On the first three Built to Spill albums, the excursions were so captivating, seeming to have sprung fully formed from Martsch’s head and hands, that some of us didn’t grasp the band’s debt to Neil Young and Crazy Horse. On 2000’s Live, that debt became explicit with a nearly half-hour cover of Young and Crazy Horse’s “Cortez the Killer”. In “Sidewalk”, the fourth track on Keep It Like a Secret, Built to Spill resemble not only Young but the alternative rockers Dinosaur Jr and Hüsker Dü. Martsch started out playing hardcore punk, and “Sidewalk” combines the off-kilter rhythm of hardcore and the slow chugging of a diesel train. “Can you wait for the sidewalk? Can it wait for you?” never sounded so urgent.
“Bad Light”, Keep It Like a Secret’s fifth track, recalls Pavement. The lyrics reference math and common sense, suggesting conceptual ties with “Carry the Zero” and “The Plan”. However, Keep It Like a Secret doesn’t seem like a concept album; it just reflects a particular sensibility at work during a particular time.
For example, time occupies the singer’s mind. “This history lesson / Doesn’t make any sense / In any less than / 10,000-year increments,” Martsch sings in “The Plan”. In track six, “Time Trap”, he waxes existential: “It’s barely yours on loan / What you think you own.” Life’s tricky, though: “‘Cause you could never know that / In a time trap.” Indeed, the passage of time and life runs through Martsch’s catalog, from Ultimate Alternative Wavers’ “Three Years Ago Today” to There’s Nothing Wrong with Love’s “In the Morning” to Perfect from Now On’s “Randy Described Eternity”. Meanwhile, among the rhythms on “Time Trap” is quasi-reggae, which Built to Spill explore for the first but not last time.

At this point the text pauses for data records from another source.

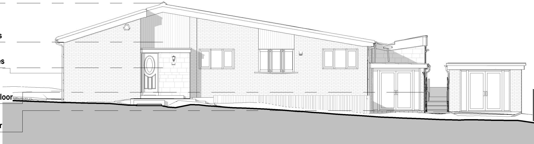
1 Front Elevation (Existing) 1 : 100
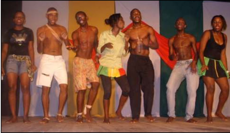
Linden youth performing at LICHAS.....

“Workshop to Production”, produced by the first workshop run at the newly renovated Linden Concert Hall and School, saw a cast of approximately thirty five young people from Linden both as producers and actors. The groups performed in the three disciplines that LICHAS is currently offering training in (singing, acting and dancing). It must be noted that most of the two and a half hour show were the creations of young members of the workshop.
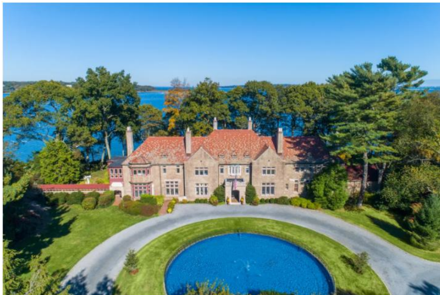
Panfield estate.

Panfield Estate in Lloyd Harbor, New York
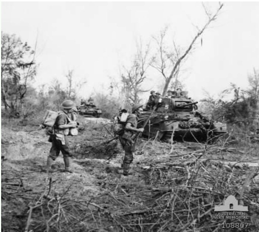
Labuan, North Borneo, 10 June 1945. Matilda tanks of B squadron, 9 Troop, 2/9th Armoured Regiment, moving east soon after the OBOE 6 operation landing.
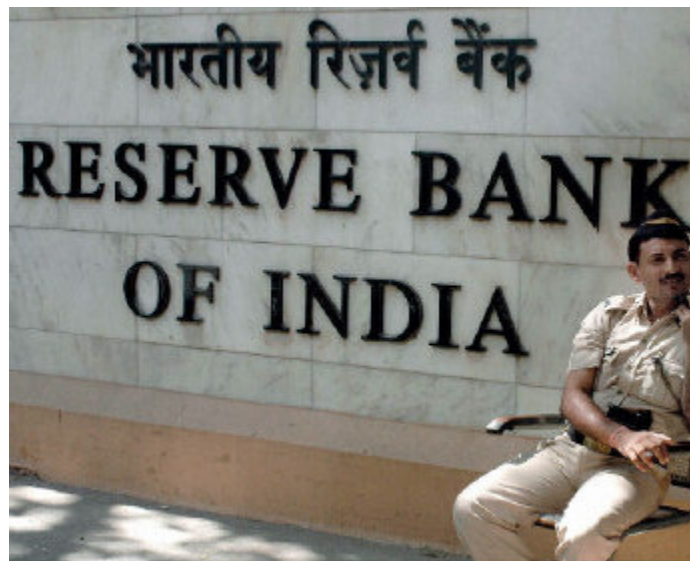
GUARDING: A security person at the Reserve Bank of India headquarters in Mumbai during the announcement of credit policy last week.

It is not an exaggeration to say that the recent Reserve Bank of India’s monetary policy statement — the Mid-Term Review of the Annual Policy — was hijacked by the extraordinary circumstances under which it was presented. As the new RBI Governor D. Subbarao put it, the review is set in the context of several complex and compelling policy challenges. The global financial system is amidst a crisis of unprecedented dimensions.
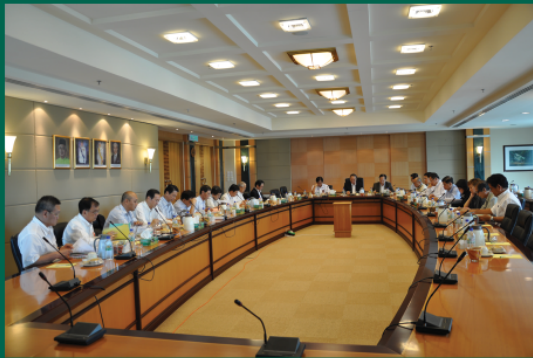
2 March - STA 79 th Council Meeting
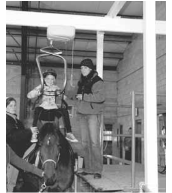
Lift system uses specialized slings that takes the rider right from a wheelchair to the horse.

Contact: FARM SHOW Followup, SureHands Lift & Care Systems, 982 County Route 1, Pine Island, N.Y. 10969 (ph 800 724-5305; info@surehands.com; www.surehands. com).
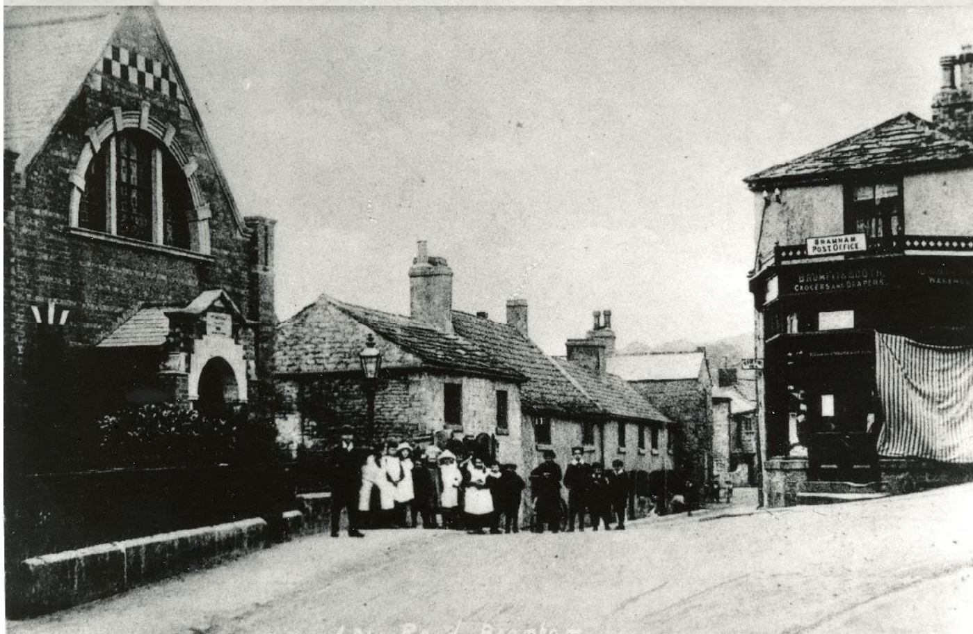
Low Road, Bramham

The Village School (above) see book pages 32-5 Below are Methodist Sunday School children.
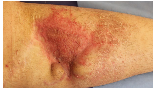
Fig. 4 Appearance of the defect 6 months after surgery. The skin graft healed uneventfully with good pliability

A higher BMI has repeatedly been correlated with increased incidence of surgical complications, including atelectasis, thrombophlebitis, mortality, wound infection, flap necrosis and wound separation (Pitanguy et al. 2000; Matory et al. 1994; Selber et al. 2006). Thus, lower extremity reconstruction in obese patients can be challenging due to the possibility of potential wound healing problems. Although the use of a vacuum assisted closure device (VAC) on split-thickness skin grafts is associated with improved graft survival (Scherer et al. 2002), there is no evidence about the benefits of combined VAC therapy with skin graft in obese patients.
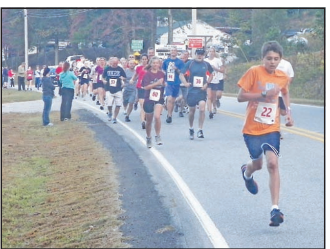
The Run Above the Clouds in Suches is a grueling 10K. Possibly, the most grueling 10K in the Southeast. programs and students at the Oct. 5th and 6th, from 9 a.m.
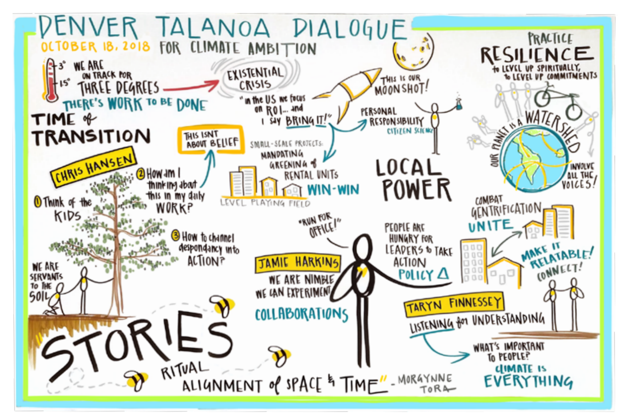
Planning excerpt of Cities and Regions Talanoa Dialogue in Denver, USA

A selection of outcomes of the Cities and Regions Talanoa Dialogues
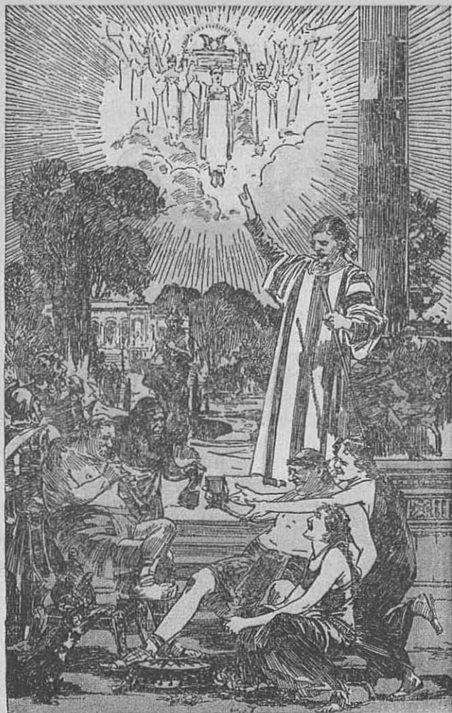
Enoch, the First Prophet
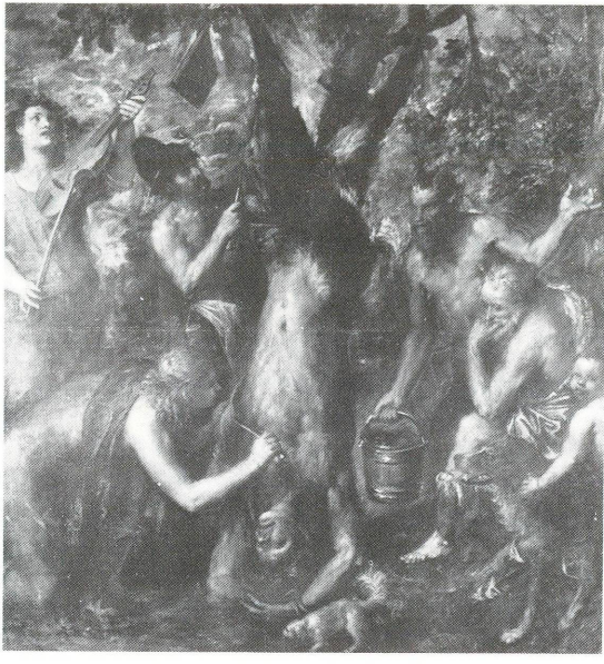
Titian, The Flaying of Marsyas The State Museum, Kromėříž, Czechoslovakia

On loan from the State Castle in Kroměříž, Czechoslovakia, to the United States for the first time, Titian's masterpiece The Flaying of Marsyas remains on view in the National Gallery's West Building Lobby A. Painted sometime between 1570 and the year of the artist's death in 1576, the picture is widely regarded as one of Titian's greatest works. The painting, portraying the legend of Apollo and Marsyas, graphically depicts Apollo, the winner of a musical contest, flaying the unfortunate loser, the live satyr Marsyas.
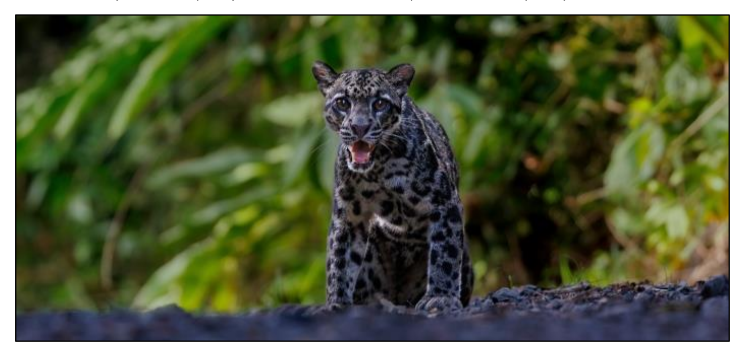
Sunda Clouded Leopard

The next morning, we tried predawn for the Bornean Frogmouth and did indeed hear it, but we could not find it. Time was running out to see this bird! Apart from the Black Orioles, morning birding was very slow despite decent weather and good forest and mid-morning we stopped back at the hut for a cup of coffee. Things improved greatly after that as we headed off track into some beautiful forest and soon had another major surprise, a White-tailed Flycatcher moving around us and calling. Another poorly known Borneo bird and a very likely future split as well. A bit further down the track we were getting some views of Gray-headed Babbler when we heard a Rail Babbler calling. A minute later this magnificent bird was walking fearlessly around us! In the afternoon it was raining heavy, but we took a chance during a lull in the rain to keep on birding and were rewarded with yet another poorly known Bornean bird and potential future split, Eye-browed Wren Babbler.
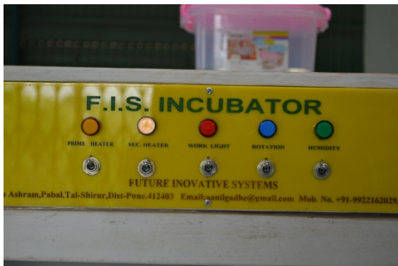
Fig.10 : Name plate cut on laser cutter

vi) Testing incubator : Present egg incubator is in its fifth version. It went through many trials. In order to test the system and to record temperature, humidity and rotation of trays, students kept round the clock monitoring of the system. In the initial trails, there were some failures. Especially rotation of tray and failure of temperature control system. Results of the trials are given below :-
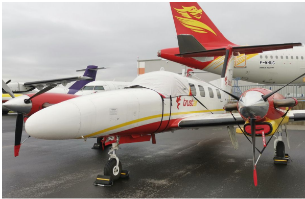
Piper PA-42 Cheyenne III Cockpit Cover, Prop Tie/Exhaust Cover, Inlet Plugs

This cover type is made from Silver Acrylic Sunbrella canvas and is 100% lined with a soft and smooth microfiber. Bruce's Custom Covers developed this material combination especially for aircraft protection. The outer material is medium weight and treated for water resistance, UV resistance and anti-static buildup. The inner lining is a very soft and smooth microfiber to prevent scratching. The material is very reflective, and tests show that the cabin interior temperature can be reduced to near-ambient temperature on the hottest of days. It is water, ice and snow repellent, yet breathable to allow moisture to escape from between the cover and the aircraft surface.
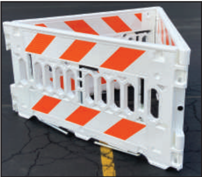
Use Three Units To Create Manhole Guard

Sign Area: Holds 20"W x 14"H Sign on each side (screw on)
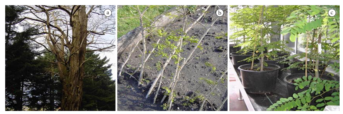
Figure 1. Preparation of experimental plants for the labelling experiments (a) Mother tree of the 4- to 17-year-old cuttings; (b) Root formation of the cuttings under field conditions; (c) Cultivation of the plants under controlled climate conditions in the greenhouse.

The radioactivity in the plant fractions was quantified by means of a scintillation counter (NAIS 3x5x16 LED detector, Canberra Industries). The samples were combusted in oxygen (Mod. 306 sample oxidizer, Packard Instruments) evolving the carbon as {}^{14}CO_2 . The radioactivity in each sample was expressed in terms of relative specific activity, which is the ratio of the specific activity in the sample (radioactivity per g dry weight) to the specific activity of the whole plant (Mor & Halevy, 1979; Zgallaï et al., 2006).
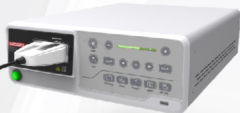
Imaging Processor PL-1000
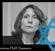
Christina Hoff Summers
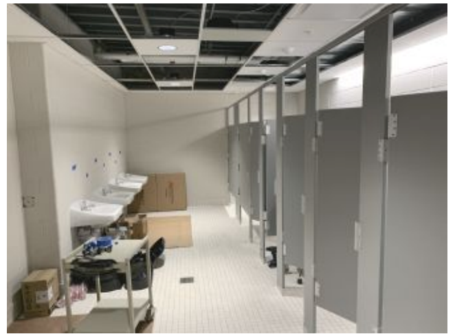
2026.04.30 – Girls #127
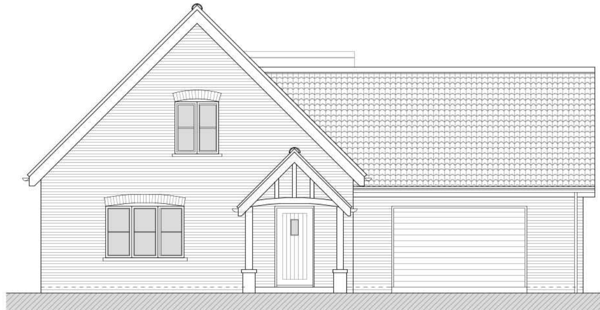
FRONT / WESTERN ELEVATION
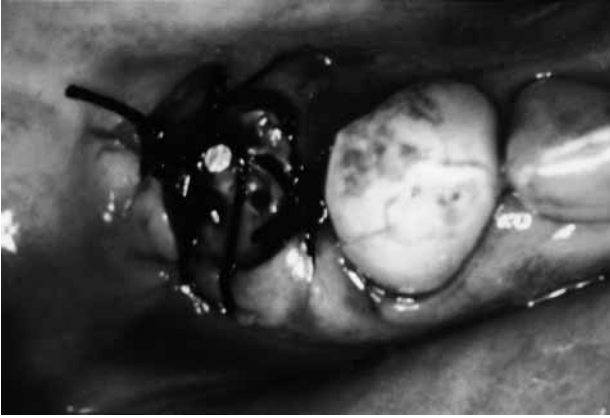
Fig. 5. The replanted root was sutured in the gingiva and then fixed to the proximal tooth with 4-META/MMA-TBB resin.

cast crowns, 5 with full-cast crowns splinted to fixed bridges and 2 with copings 2–4 months after the replantation (Table 1).
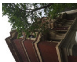
AUSTRAL BUILDINGS Nov 2016
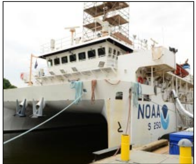
NOAA Ship FERDINAND R. HASSLER - New Castle, NH
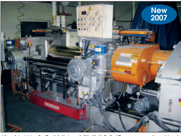
Kim Nai Ho 2- Roll Mixing Mill #ML2-3 (Compounding Line)
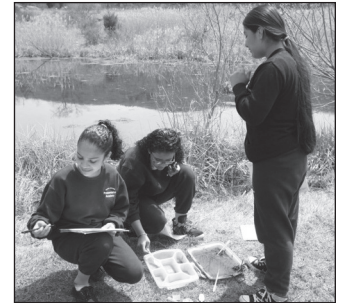
Girls from the Nora Cronin Academy record their pond study findings (above) and try out binoculars (below).

We thank you all for supporting the Museum in the past and sincerely look forward to your participation and good will in 2015.
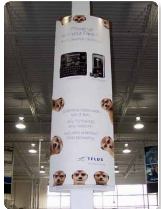
Leverage unused advertising space attaching Spring Pillar Displays to pillars, poles, support beams, and security panels. Hangs in seconds using magnets.
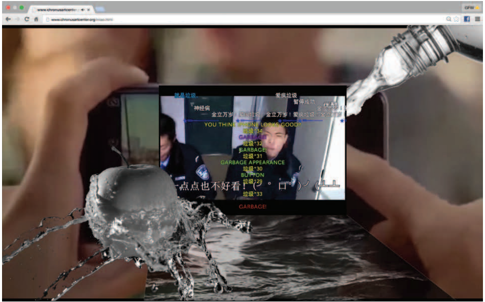
Miao Ying, Aifeng laji 爱疯垃圾 [iPhone Garbage], 2014. Browser-based (GIFs, video-sharing website, still image).

with status, success, and bright futures. In times of corporate social-networking platforms, viral infotainment, and participatory media, the Diaosi phenomenon brings visibility to a group of young people rendered otherwise invisible by a society in which success is often predicated solely on educational achievements and material wealth, and in which the fetishization of the commodity has usurped every value except the power of the state. 42
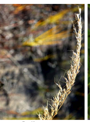
Indiangrass Sorghastrum nutans
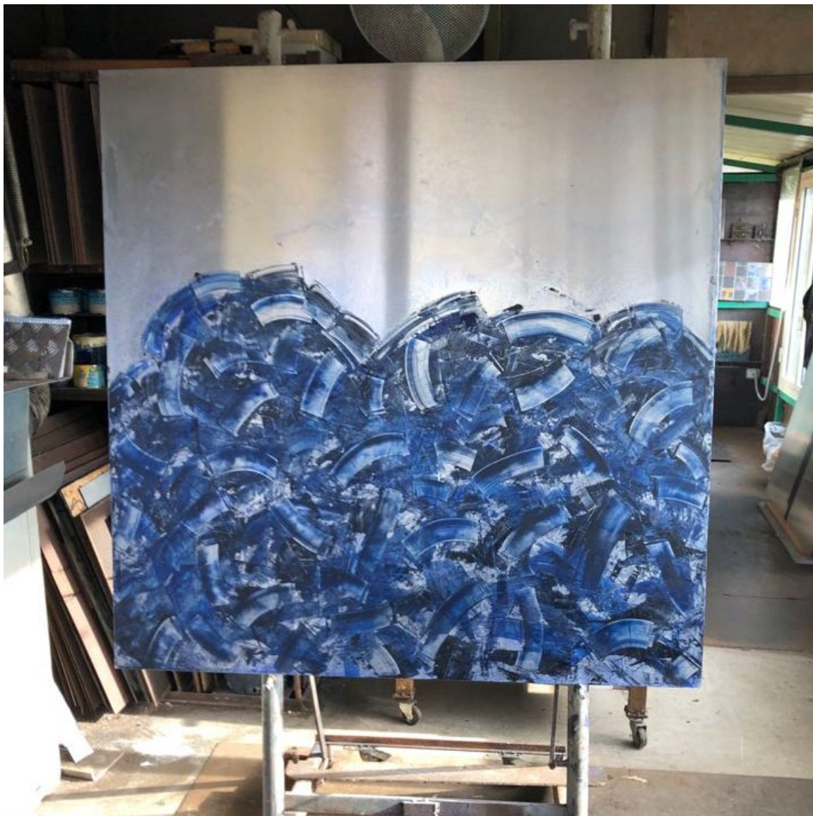
125 x 125 cm 2023 Oil paint on Aluminium
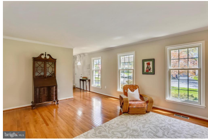
Living Room with Crown Molding
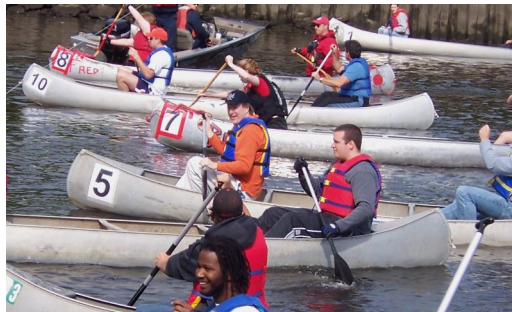
Paddlers lining up at the starting line at the Nereid Boat Club

One of the highlights of our year is the opportunity to enable our community to experience the Lower Passaic River by paddling on the River in the Annual Passaic River Paddle Relay. Held on May 20th, with the weather cooperating, our 8 mile course ran from the Nereid Boat Club in Rutherford to the Riverbank Park in Newark, with two transitions. Twelve teams of six paddlers entered, as well as individuals who wanted to experience the Passaic. A total of 86 paddlers in kayaks and canoes entered.
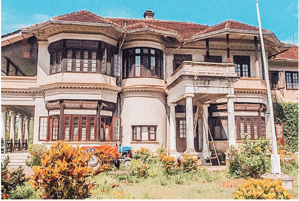
Hsipaw Haw Nan. A place that you should not miss. The visitors must pay a visit there during the fixed time. It is none other than the palaces of Sawbwa. The original Haw Nan and Sa Khan Tha Haw Nan were destroyed, and only Hsipaw Haw Nan left in its original style. It is now about 95 years old.
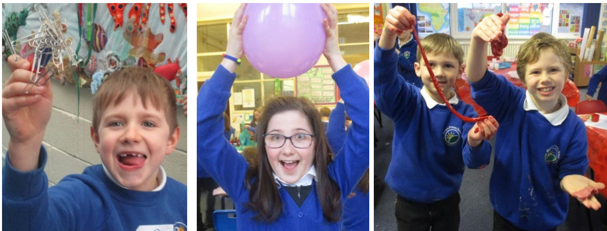
Children love exploring and finding out new things.
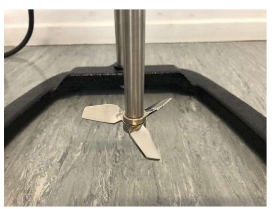
The 3 different emulsifying/mixing assemblies available, showing the interchangeable high shear disc and hydrofoil impeller in the lower 2 images.
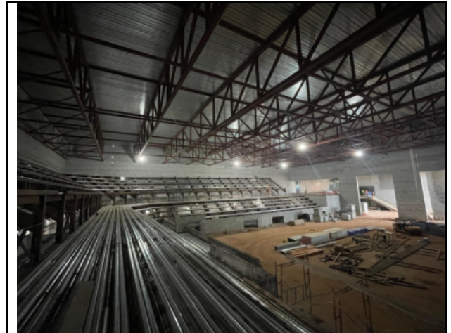
Competition Gym Upper Level Framing
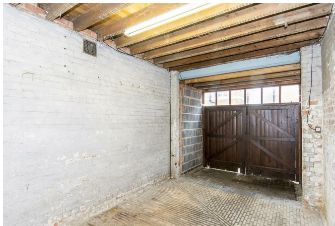
Stable/Garage 21'2" x 10'4" max (6.45m x 3.15m max)

Double timber vehicle access doors. Original equestrian flooring.
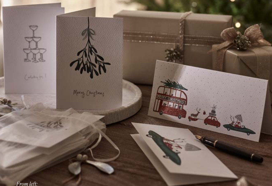
From left: The White Company Charity Christmas Cards – Set of 12 £12, Snow Scene Charity Christmas Cards – Set of 12 £12

2 Television Centre, 101 Wood Lane, London W12 7FR @thewhitecompany thewhitecompany.com
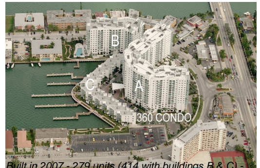
Built in 2007 - 279 units (414 with buildings B & C) - 15 floors
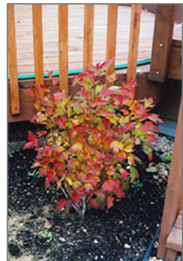
Compact Highbush Cranberry in fall

Track seven, “Else”, finds Built to Spill delivering delicate psychedelia and dream pop. Imagine, say, Lush or the Cocteau Twins getting physical and metaphysical: “Your body breaks / Your needs consume you forever / And with this lies the need to be here together.”
Then comes either a major throwaway or the album’s linchpin: a guitar workout whose lyrics draw on FM radio staples. In addressing “you”, the singer tells his predecessors they “were wrong when [they] said everything’s gonna be all right” (as, for example, Bob Marley did in “No Woman No Cry”). They “were right” when they issued negative pronouncements, such as Kansas’ “all we are is dust in the wind” and John Mellencamp‘s “life goes on long after the thrill of living is gone”. With time on his mind again, Martsch could have cobbled this song together in his sleep, but the band plays it with gusto.
If you haven’t been won over yet—if the lovely penultimate track, “Temporarily Blind”, seems to mostly relieve the intensity of “You Were Right” and recapitulate the rest of the record—then the whistling interlude during Keep It Like a Secret’s final track, “Broken Chairs”, might do the trick. The lyrics to this one are by a poet, Uhuru Black (who was not the reggae band Black Uhuru). Martsch sounds inspired by cryptic lines such as “Who themselves are mirrors of apprehensions in the falling sun”, but by the end, he has abandoned sense in favor of repeating “Well, all right” in classic-rock fashion, as the band hammer like the Jimi Hendrix Experience on Electric Ladyland or Led Zeppelin on Physical Graffiti.
Built to Spill reached a peak, which is not to say permanently peaked, on Keep It Like a Secret. The next studio album, 2001’s Ancient Melodies of the Future, had many fine moments, such as the wistful “The Weather”, but the whole suggested that treading water might lead to sinking. One more release like this and followers might have abandoned ship, but Built to Spill regained power and adventurousness on 2006’s You in Reverse, whose perfect first track alone made the album a winner. The rest of their catalog—from indie to Warners and back to indie, with ever-changing lineups—ranges from solid to inspired: minutely autobiographical or at least introspective, unpretentiously philosophical, and majestic. As a guitarist, Martsch has acquired an effortless transcendence that is worth experiencing in concert.
Has any songwriter used the words “things” and “sounds” as much as Doug Martsch? Has any songwriter made such small matters seem more significant and full of possibility?